[[ Given material, beginning ]]

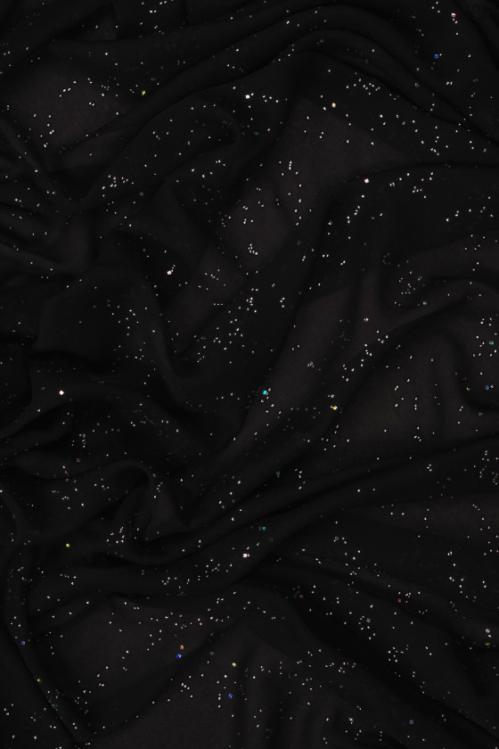 Chiffon di poliestere italiano di colore nero con piccole decorazioni colorate.
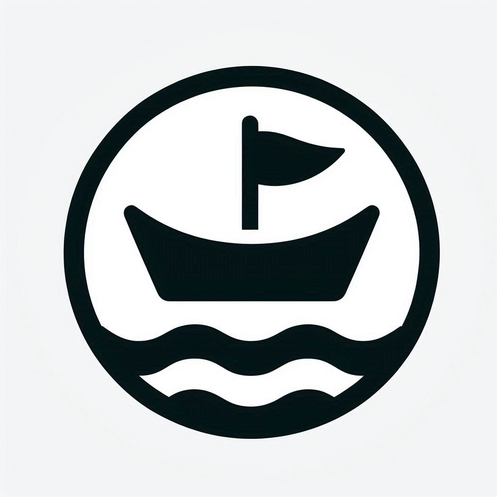A black and white icon depicting a boat with a flag in a circle surrounded by wavy lines representing water.
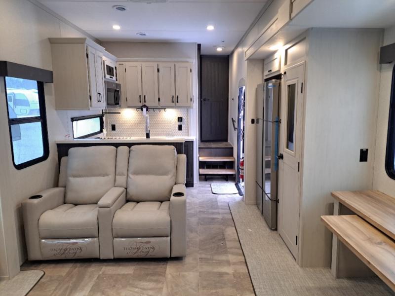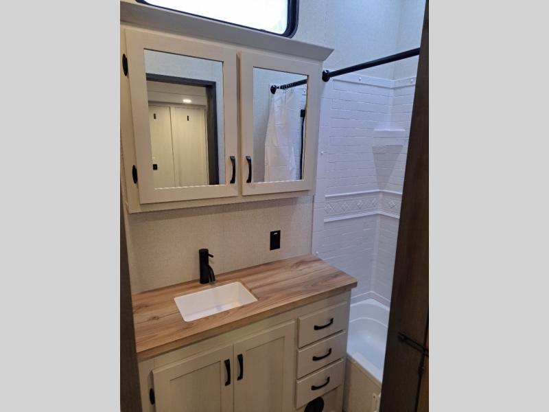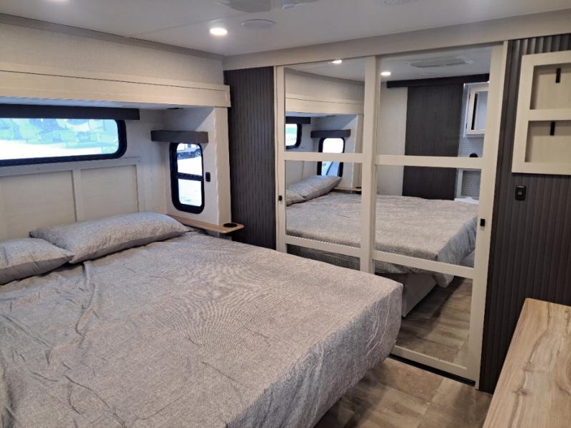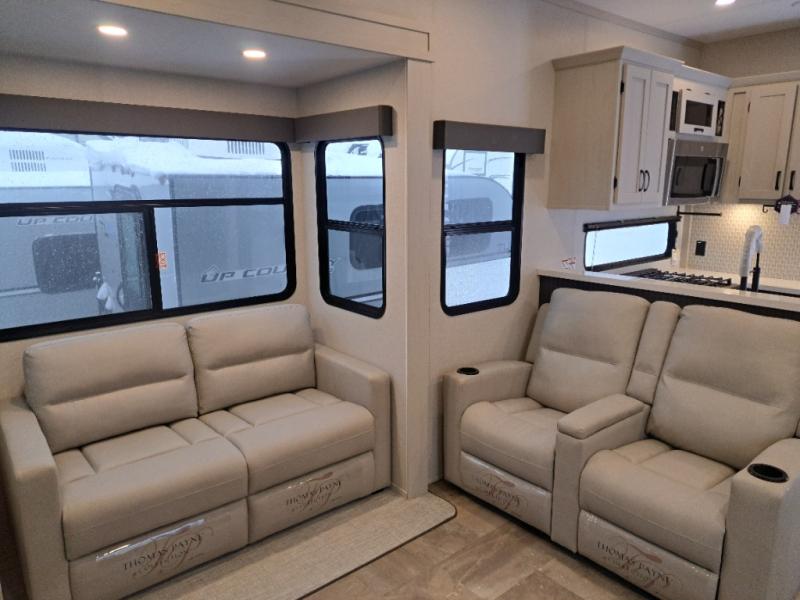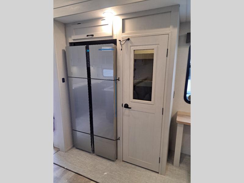 At the front of this fifth wheel, the main bedroom features a spacious king bed in a slide-out, paired with a walk-in closet, wardrobe, dresser, and bench to keep everything organized and make mornings effortless. The adjoining bathroom that is accessible from both the bedroom and hallway, includes a shower with a teak flip-down seat, sliding glass door, and a high-rise porcelain toilet with foot flush. Down the hall, the U-shaped kitchen offers solid-surface countertops, an aluminum roll-up drying rack/sink cover, an extra-deep single-basin sink, a 30" stainless microwave, a 24" four-burner range with oven, a large pantry, and a 16-cu. ft. stainless-glass 12V refrigerator in a slide-out. Nearby, the multi-functional slide/swivel table with a fixed bar creates a perfect spot for meals, games, or work. Across from it, the living area includes a tri-fold hide-a-bed sofa and theater seating facing the entertainment center. At the rear, the second bedroom provides a queen bed in a slide-out and ample storage with a dresser and dual wardrobes, while the second full bathroom, with its own exterior entry adds convenience and accessibility.

[[ Given material, end ]]

▸ **The task**
Give back the lines word for word, from the very first in the material above to the one that has "A black and", both included, without the pictures.

▸ **Response to this exercise**
 Chiffon di poliestere italiano di colore nero con piccole decorazioni colorate.
A black and white icon depicting a boat with a flag in a circle surrounded by wavy lines representing water.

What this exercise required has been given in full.